После этого мамаша самоубийцы схватила своего мужа за рукав, и они зашагали прочь. В сознании Виктории тем временем, как грибы после дождя, обильно прорастали вопросы, задавать которые теперь уже было некому. Она шагала к своему дому, терзаясь мыслями, что она ничего не знает про таинственного Ивана, ей даже не представить его лица…
Дома Виктория сразу же легла спать, а когда проснулась, то сразу же стала убеждать себя, будто все пережитое вчера, было всего-навсего ее сном. А может даже и не ее сном, а чьим-то чужим, рассказанным ей в далеком детстве? Или жуткие мысли, наоборот, пришли к ней всего лишь за три минуты до пробуждения?!
Но что-то тугое, похожее на смирительную рубашку, туго обтягивало ее сердце. Это «нечто» никак не давало себя обмануть.
- Нет, все правда, - прошептала Вика. После этих слов объятия «смирительной рубашки» стали, как будто, чуть-чуть слабее…
Следующие дни Виктория, как безумная, металась по городу. Ее сознание искало выхода, словно котенок, с головой накрытый одеялом. Она не могла ни с кем поделиться своей болью. Ведь в ответ на свой трепетный рассказ слушатель наверняка бы просвистел одно-единственное слово:
- Сумасшедшая!
Если бы даже он и смолчал, то его бы все равно выдали глаза, эти верные зеркала души.
Когда Вика окончательно выбилась из сил, она решила сдаться и принять в себя несчастную Иванову душу. С невероятным усердием она принялась в него… влюбляться.
Но как можно полюбить то, чего не видно и не слышно?! И она попыталась нарисовать портрет сокрытого Ивана на клочке бумаги.

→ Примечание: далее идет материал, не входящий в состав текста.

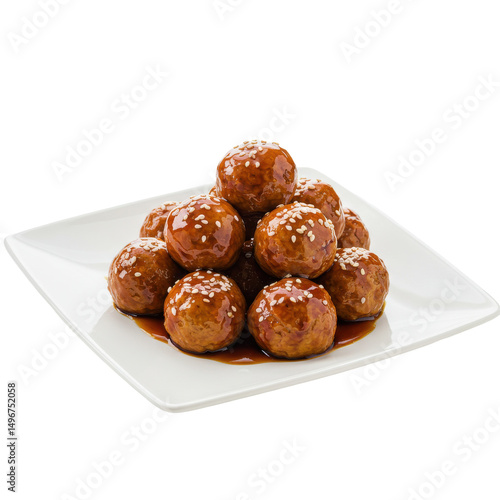 Deliciously arranged meatballs drizzled with sauce on a white plate, perfect for food photography
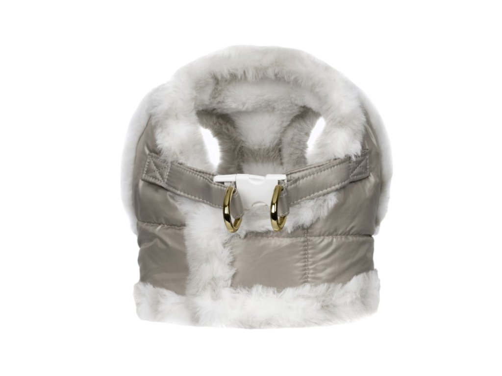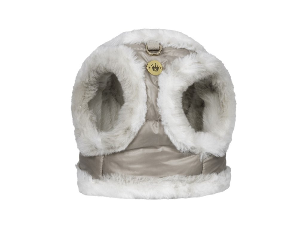 Zimní postroj Nordic Bliss je ztělesněním skandinávské elegance v kombinaci s maximálním pohodlím. Je vyrobený z vysoce kvalitní, jemně třpytivé látky v tlumeném béžovém odstínu a je podšitý měkkým, nadýchaným materiálem, který poskytuje teplo a pohodlí i v nejchladnějších dnech. Model ve tvaru C se dokonale přizpůsobí siluetě vašeho mazlíčka, aniž by tlačil, a zaručuje naprostou volnost pohybu. Dva zlaté kroužky na vodítko a pevná spona zajišťují bezpečnost a odolnost, zatímco celkový vzhled je neuvěřitelně stylový a elegantní. Nordic Bliss kombinuje funkčnost, pohodlí a luxusní design – perfektní postroj pro domácí mazlíčky, kteří si každý den cení pohodlí a výjimečného stylu.
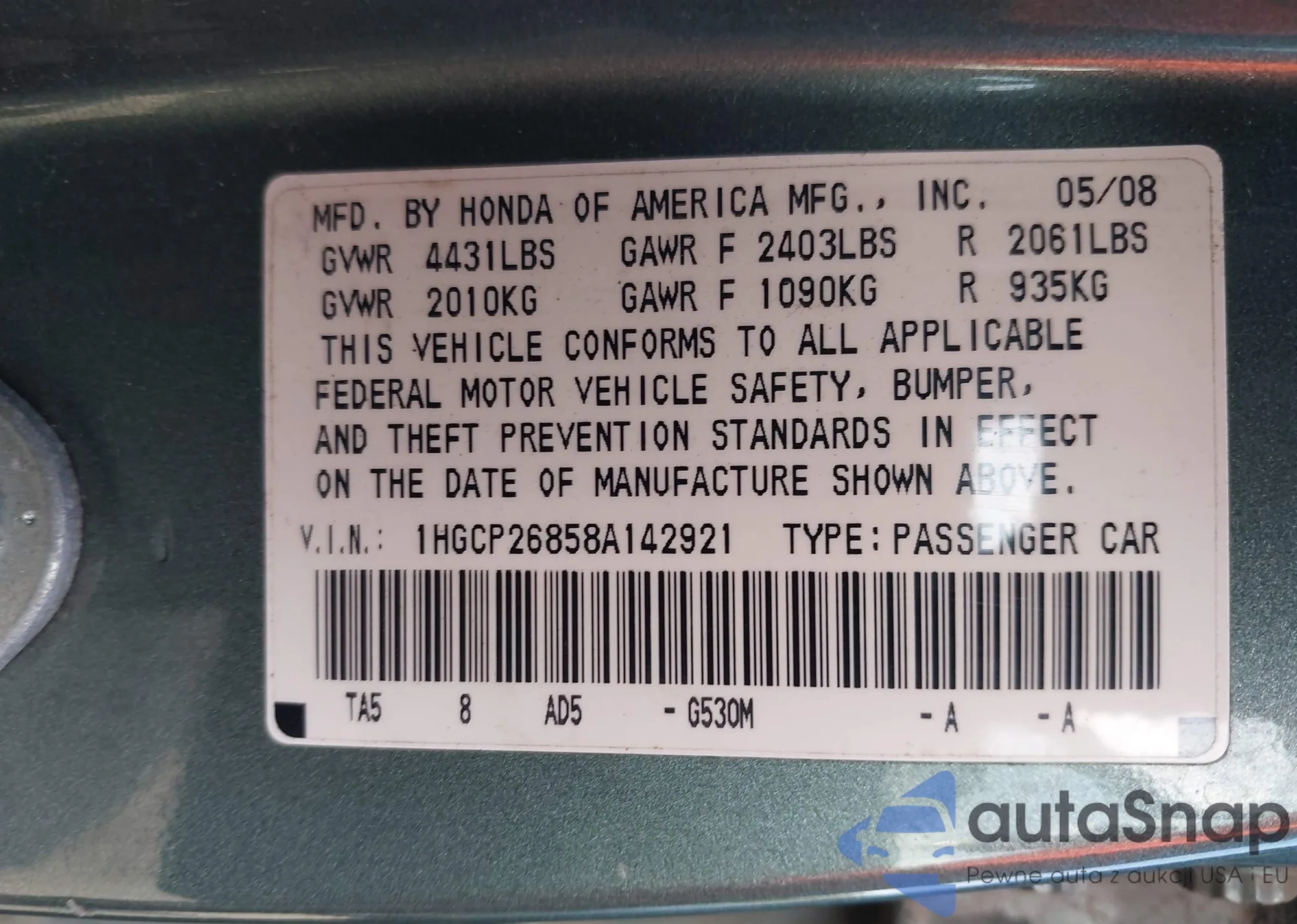 VIN: 1HGCP26858A142921

Но, сколько не водила она карандашом по белой, как потолок, поверхности, у нее выходили лишь мутные, едва различимые контуры.
Когда же ей не удалось воплотить объект потребной любви даже в простецкий карандашный рисунок, Вика пришла в отчаяние. Подобно призраку носилась она среди родных и знакомых, превращая свой взгляд в бесконечный вопрос.

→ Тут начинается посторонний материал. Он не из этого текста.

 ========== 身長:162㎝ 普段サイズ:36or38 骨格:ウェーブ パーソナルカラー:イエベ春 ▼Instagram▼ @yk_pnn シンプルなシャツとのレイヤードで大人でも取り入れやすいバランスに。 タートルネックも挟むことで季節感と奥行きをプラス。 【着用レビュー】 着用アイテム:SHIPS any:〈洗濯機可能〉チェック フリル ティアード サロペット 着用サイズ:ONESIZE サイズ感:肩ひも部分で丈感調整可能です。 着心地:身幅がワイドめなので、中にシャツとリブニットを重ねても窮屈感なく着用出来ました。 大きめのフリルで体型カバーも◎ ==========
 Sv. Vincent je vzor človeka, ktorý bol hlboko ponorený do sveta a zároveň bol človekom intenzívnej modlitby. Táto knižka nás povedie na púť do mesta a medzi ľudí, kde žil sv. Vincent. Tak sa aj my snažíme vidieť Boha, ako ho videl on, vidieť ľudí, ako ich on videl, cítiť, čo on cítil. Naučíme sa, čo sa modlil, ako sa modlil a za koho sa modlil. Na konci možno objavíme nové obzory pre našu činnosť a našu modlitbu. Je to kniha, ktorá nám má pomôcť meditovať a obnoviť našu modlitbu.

Иногда она думала о том, как бы вытолкнуть Ивана наружу. Но ее кожа, такая толстая снаружи, оказалась столь же непоколебимой и изнутри. Никакие усилия не могли разорвать пузырь, в котором барахтался Ваня, ни внутрь, ни, тем более, наружу. Сколько Виктория не маялась, там не образовывалось даже булавочной дырочки, через которую душа Ивана хоть как-то могла проскользнуть.

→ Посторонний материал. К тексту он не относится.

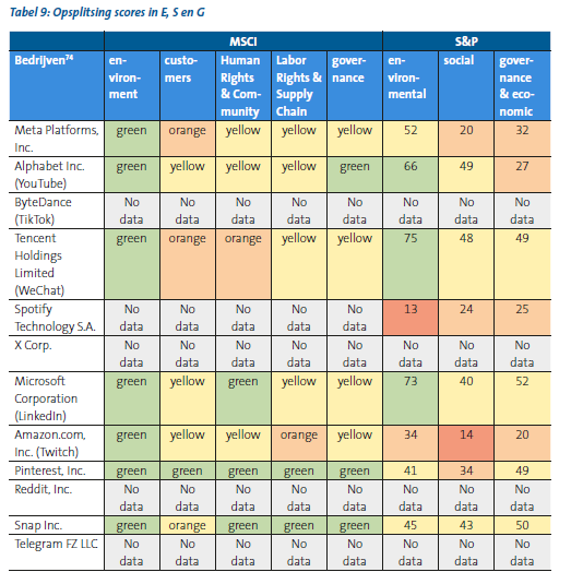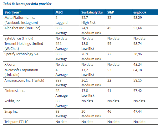 vergelijking met de andere data providers. De ESG-scores van socialemediabedrijven

- Жизнь без страданий – ничто. А я, выходит дело, сама себе – страдание! Сама себе наказание до гроба! – пробормотала как-то под нос Викуля, и ее взгляд полез наверх, в высоту.
Девушка накинула на себя легонькую курточку и застучала каблучками по звонким ступенькам чердачной лесенки. Когда туфли громыхнули по гладким, раскаленным под солнышком железякам крыши, у Вики невольно закружилась голова. Ей ужасно захотелось броситься туда, к крошечным, похожим на божьих коровок людишкам, чтобы на лету раздвинуть ветки старого тополя и подмигнуть на прощание последней птичке. Ощутить бы самой то, что вкусил когда-то похороненный в ее нутре Иван!
- Не смей! – сказал кто-то рядом, - Ведь ты тогда погубишь сразу две души, и уже навсегда! Спасению тогда не быть и в конце миров!
Викуля пошатнулась, ведь услышанный голос казался каким-то чужим, пришедшим откуда-то извне, но проникший в Вику не через украшенные разноцветными сережками уши. Разве такое бывает?! И Виктория подняла глаза к небу.
Оно сейчас казалось особенно высоким и тихим, даже облачка с него куда-то попрятались. Эх, рвануться бы туда самой, подняв и сокрытого в своих недрах Ивана! Наверное, там остынет пекло ее адовой печки, и несчастная душа хлебнет-таки глоток жизни. Их единый прорыв в круглые высоты и станет той самой любовью, которая, наконец, смешает их души!
Но не летают люди, ибо они не только не птицы, но даже и не летучие мыши. Ползают людишки, кстати, тоже неважно, очень уступая в этом искусстве клопам да тараканам...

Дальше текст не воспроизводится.